Which lines run from the start of the material below through the line containing "News Impact Correlation: ML"? Retype them exactly, pictures excluded.

[EXERCISE DATA]

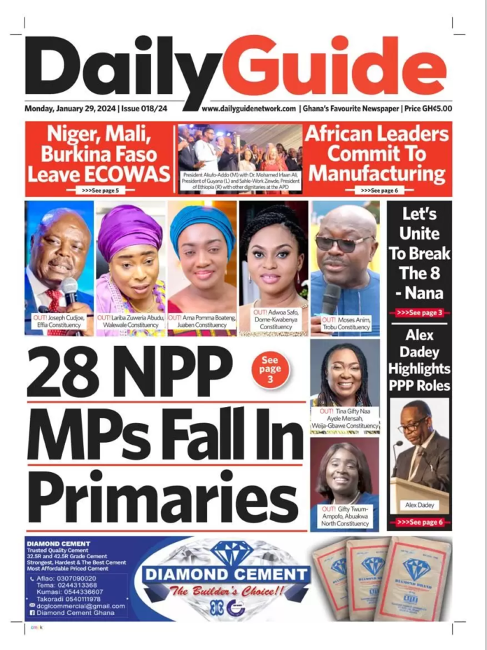Newspaper headlines: Monday 29th January 2024 Newspaper Headlines January 29, 2024 6:27 am - Audio By Carbonatix FacebookWhatsAppTwitterTelegramEmailPinterestPrint Previous articleNPP Youth Organiser attacks Chairman in church [Video]Next article#BlackExcellence: Strategies for Capital Access in the Global Economy TagsNewspaper headlines RELATED ARTICLES Local News Republic Bank begins solar-powered borehole project at Taviefe SHS Politics Annoh-Dompreh demands Ministerial reshuffle as absences stall Parliament Local News Kpandai: Supreme Court’s decision to suspend rerun surprising but fair – Justice Abdullai
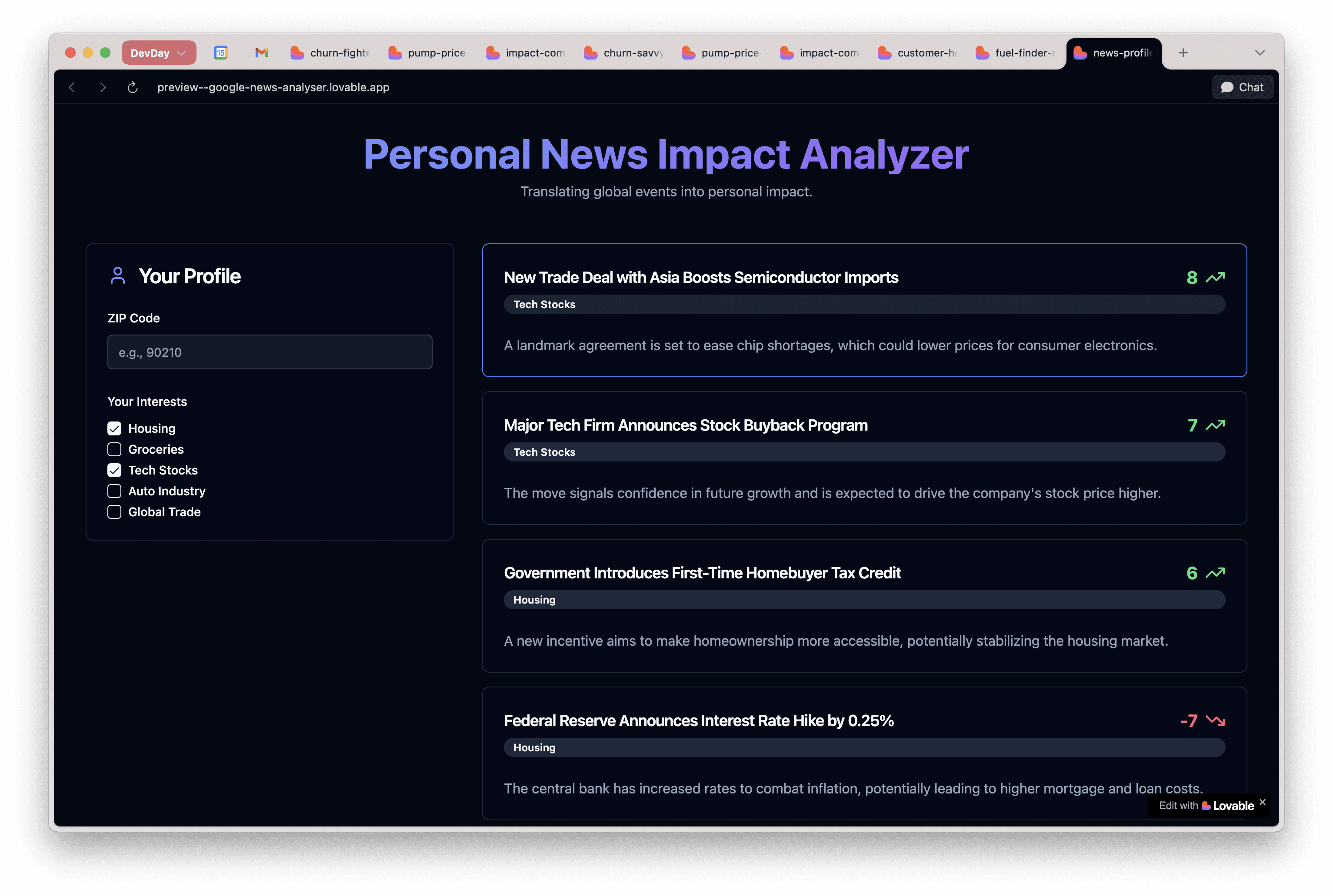 News Impact Correlation: ML engine that maps news events to personal impact categories (housing costs, food prices, job market, investment effects, supply chain disruptions)
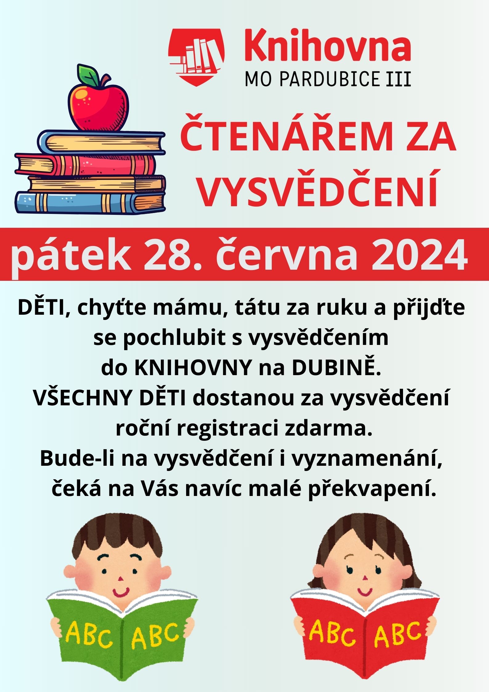 DĚTI, chyťte mámu, tátu za ruku a přijďte se pochlubit s vysvědčením do KNIHOVNY na DUBINĚ. VŠECHNY DĚTI dostanou za vysvědčení roční registraci zdarma. Bude-li na vysvědčení i vyznamenání, čeká na Vás navíc malé překvapení.
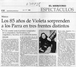 “Los 85 años de Violeta sorprenden a los Parra en tres frentes distintos”.

[/EXERCISE DATA]

ANSWER BELOW
Newspaper headlines: Monday 29th January 2024 Newspaper Headlines January 29, 2024 6:27 am - Audio By Carbonatix FacebookWhatsAppTwitterTelegramEmailPinterestPrint Previous articleNPP Youth Organiser attacks Chairman in church [Video]Next article#BlackExcellence: Strategies for Capital Access in the Global Economy TagsNewspaper headlines RELATED ARTICLES Local News Republic Bank begins solar-powered borehole project at Taviefe SHS Politics Annoh-Dompreh demands Ministerial reshuffle as absences stall Parliament Local News Kpandai: Supreme Court’s decision to suspend rerun surprising but fair – Justice Abdullai
 News Impact Correlation: ML engine that maps news events to personal impact categories (housing costs, food prices, job market, investment effects, supply chain disruptions)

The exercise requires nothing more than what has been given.